Length Of Time In Possession : 6 yrs minimum
1984 is the incredibly famous final work from George Orwell. Despite not having read it, I came to it feeling like I knew "too much" about it, simply because it has seeped into popular culture so much. Particularly for me, I'd had the novel completely spoilered by the BBC series done by Sebastian Faulks 'On Fiction' so I always knew the end and several aspects of the storyline which in a way was frustrating.
Somehow knowing what was coming added pathos to the novel for me in many areas. Winston Smith lives in a totalitarian regime which constantly reminded me of what is known of modern day North Korea, in many ways the novel, published in 1949, proves prophetic not just for societies like North Korea but also for our own.

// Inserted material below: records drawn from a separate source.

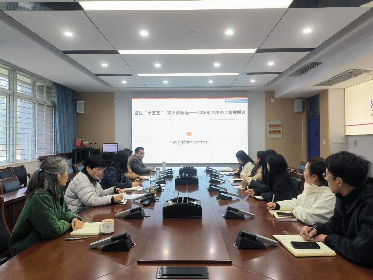 深研细悟,以学促干强本领。3月12日上午,按照学院学习安排,副院长刘明定教授以2026年全国两会的主要内容、政府工作报告新提法、两会主要精神、落实两会精神实践要求为主线,结合国际教育发展、人才培养、科技创新等学院实际,对全国两会精神进行系统解读与深入阐释。刘明定指出,今年全国两会是在“十五五”规划开局起步的关键时期召开的重要会议,为教育事业高质量发展指明方向。全院师生要深刻把握新质生产力、智能经济新形态、教育科技人才一体化等战略部署,将两会精神融入日常教学、科研创新等工作。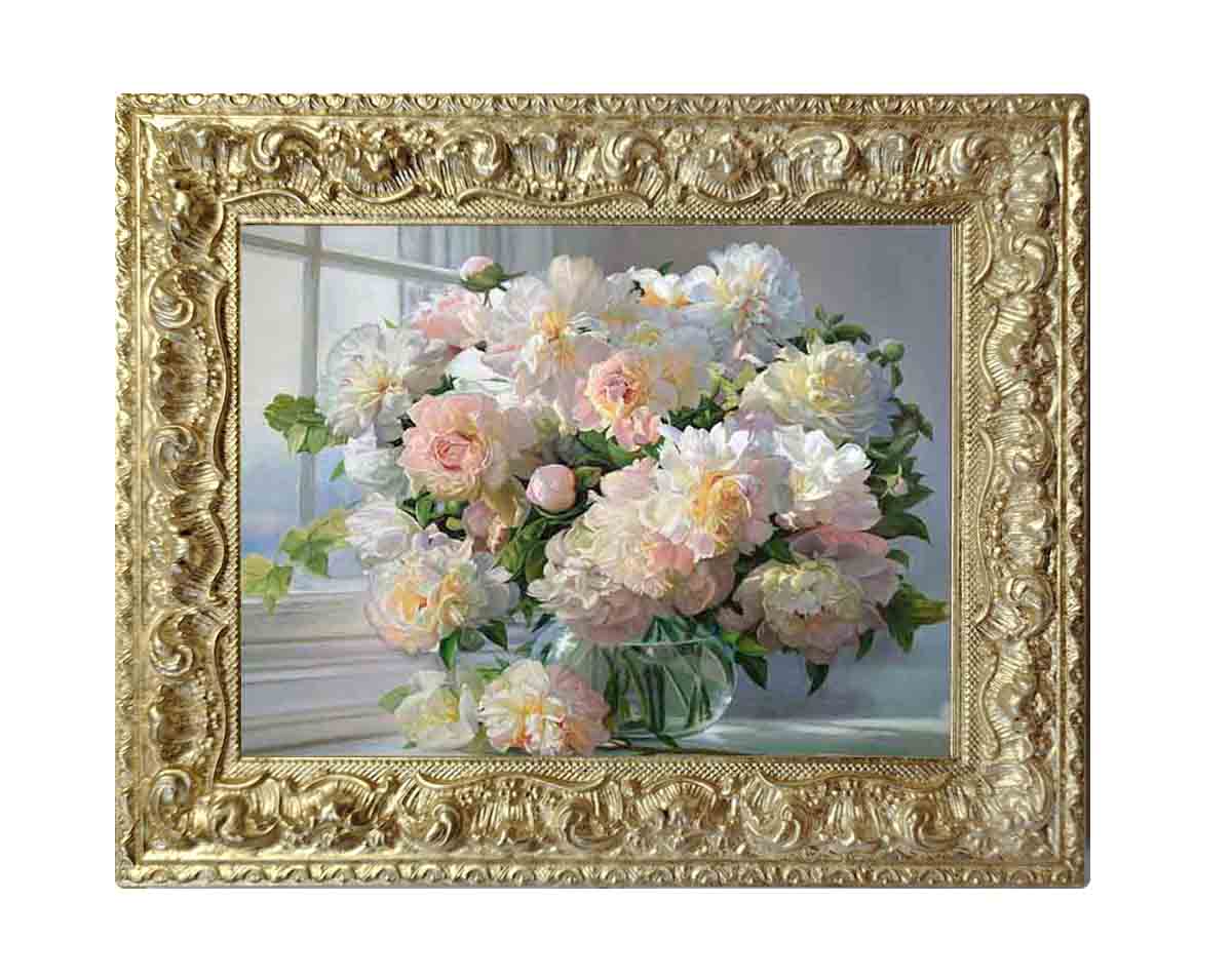 Картина выполнена на холсте с эффектом живописи, в раме из натурального дерева ручной работы. В оформлении использовано сусальное золото.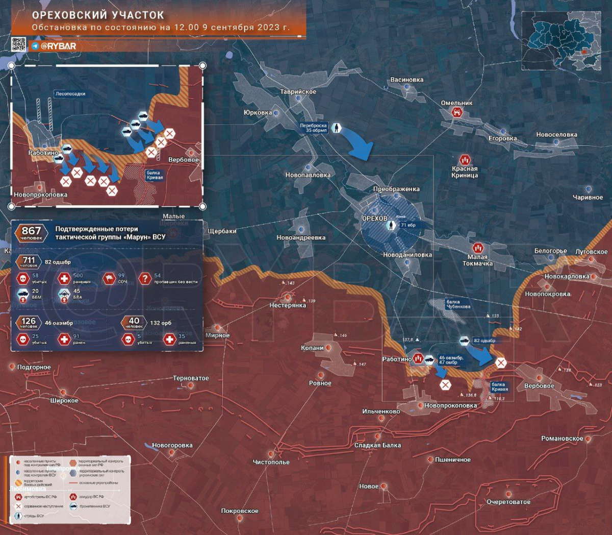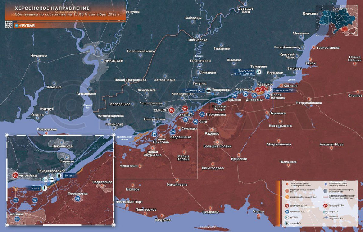 То есть при учёте предыдущих высадок на левобережье Днепра у ВСУ есть небольшие плацдармы у Антоновского и железнодорожного моста, на острове Алешкинский, западнее Казачьих Лагерей, а также возобновятся попытки на Казацкий. Всё это сопровождается массированным огнем из ствольной и реактивной артиллерии 406 оабр, а также минометных расчетов и операторов FPV-дронов. Учитывая усиление группировки ВСУ у Днепра и всё более массовые вылазки ДРГ вместе с перемещением позиционного района ПВО ЗРК «Спада» на юг, можно предположить, что украинские формирования готовятся к нападению, которое, скорее всего, намерены координировать с действиями на Ореховском и Времьевском участках.

In particular I wondered what Orwell would have made of the TV series that bears the name of omniscient overseer 'Big Brother' - basically a series which regularly exhibits the worst of society.
Again the series 'Room 101' a jocular take on a place which was, truly, the stuff of nightmares.
Winston Smith is a subversive living in Oceania : a conglomerate of the English speaking Western States perpetually at war with the others. Winston Smith seeks to be part of the revolution, and join 'The Brotherhood' those working against 'Big Brother'
There were parts of 1984 in terms of the prose that I really enjoyed. I particularly liked these quotes :
"Why should it be intolerable unless one had some kind of ancestral memory that things had once been different?"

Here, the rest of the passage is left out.